After children fell ill and were admitted to Chandigarh’s Post Graduate Institute of Medical Education and Research, both the institute’s lab and CDSCO’s regulatory lab found DEGs in the cough syrup.

Like in the Maiden Pharma case, CDSCO and the Himachal Pradesh Drug Regulatory Authority inspected the firm’s manufacturing facilities after the deaths were reported. Here too, the Himachal Pradesh drug regulator found major violations at Digital Vision’s plant, questioning why the regulator had not shown them earlier. For example, Digital Vision did not purchase propylene glycol from a licensed pharmaceutical supplier, nor did it maintain a record of sending propylene glycol for quality testing before using it for manufacturing. Both can explain how the company’s products got adulterated.

What happened in the Digital Vision case?

India has a poor track record of checking adulterated drugs, punishing manufacturers and paying compensation to victims. Under the Drugs and Cosmetics Act, such manufacturers can be punished with imprisonment of not less than 10 years and a minimum fine. 10 lakhs. The Act also states that if adulteration leads to death, this fine can be used to pay compensation to the victim’s family.

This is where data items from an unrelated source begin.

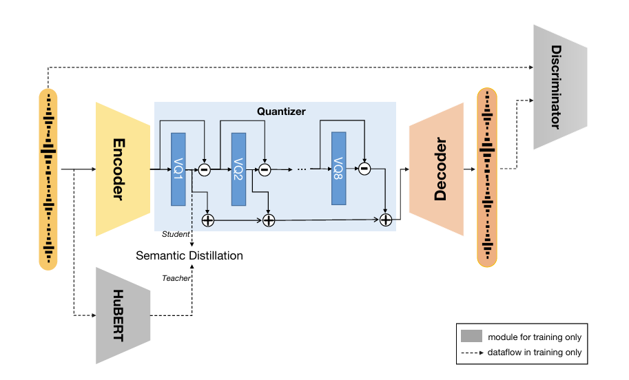 - Training 시 semantic teacher는 RVQ process를 guide 하기 위해 semantic representation을 제공함
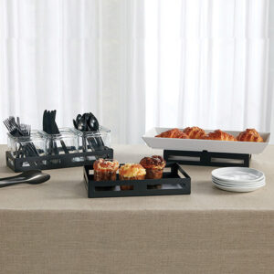 For the modern caterer, any opportunity for economization is valuable. We created the Black Twilight Multifunctional Riser to work as a “utility player” in your dining room. Each is a riser and a basket all in one. Whichever way you use them, these sturdy metal pieces would be a stylish, uber-versatile addition to your buffet service roster.
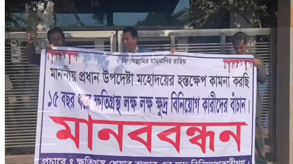 বিএসইসির চেয়ারম্যানের পদত‍্যাগের দাবিতে বিনিয়োগকারীদের মানববন্ধন
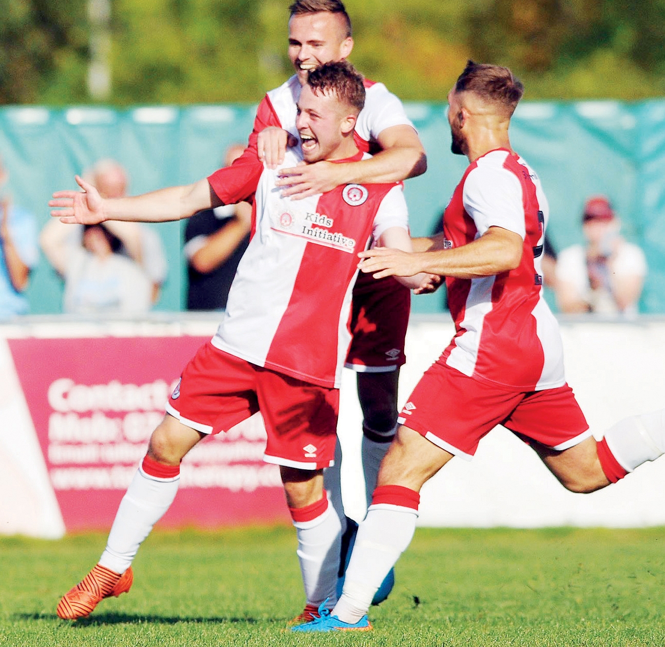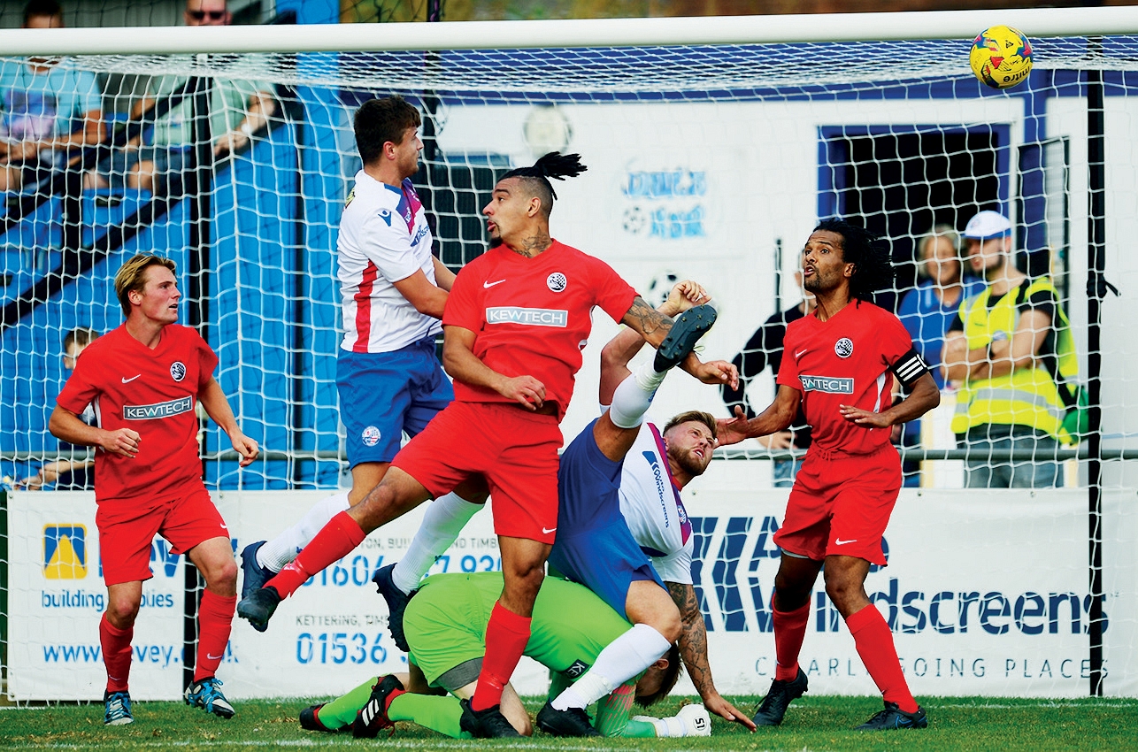 By Paul Judd GOAL TIME: Royston’s Matthew Bateman celebrates after scoring and, right, Rushden’s Alex Collard heads in the equaliser PICTURE:...

This provision is rarely implemented for several reasons. First, poorly trained and equipped state regulators often fail to gather evidence to build a strong case against the accused. Second, even when regulators prosecute firms, court cases tend to last longer, meaning victims have to wait decades for any compensation.

In 1986, 14 patients died of DEG-contaminated glycerin at Jamsetji Jeejeebhoy Hospital in Mumbai. An investigation conducted by the then Bombay High Court judge Bakhtawar Lentin pointed to major illegalities by the manufacturers, suppliers, distributors of glycerin as well as the Maharashtra FDA. In response, the regulator canceled the licenses of manufacturers and suppliers. But the matter is still going on in the city’s Girgaum Metropolitan Magistrate Court. None of the 27 accused in the case have received any punishment under the Drugs and Cosmetics Act. A Maharashtra FDA official told Mint that neither the families of the victims have received any compensation.

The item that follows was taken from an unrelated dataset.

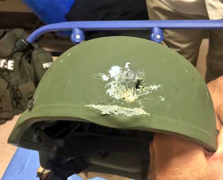 Junto con su mensaje publicó una fotografía de un casco que da muestra de la batalla que vivieron los policías al enfrentar al tirador en la discoteca Pulse en 2016.

In the 2020 Digital Vision case, Mint previously reported that the Himachal Pradesh drug regulator did not initiate legal proceedings against the firm until 2022, as it was struggling to gather sufficient evidence that the DEG in cough syrup caused the deaths. made. Such evidence could have come from autopsies of children, or from case-control studies, neither of which were commissioned by the FDA or CDSCO. The families of 13 dead children have not received any compensation from Digital Vision, which is still operating today.

Priyanka Pulla is a Bengaluru-based reporter covering health.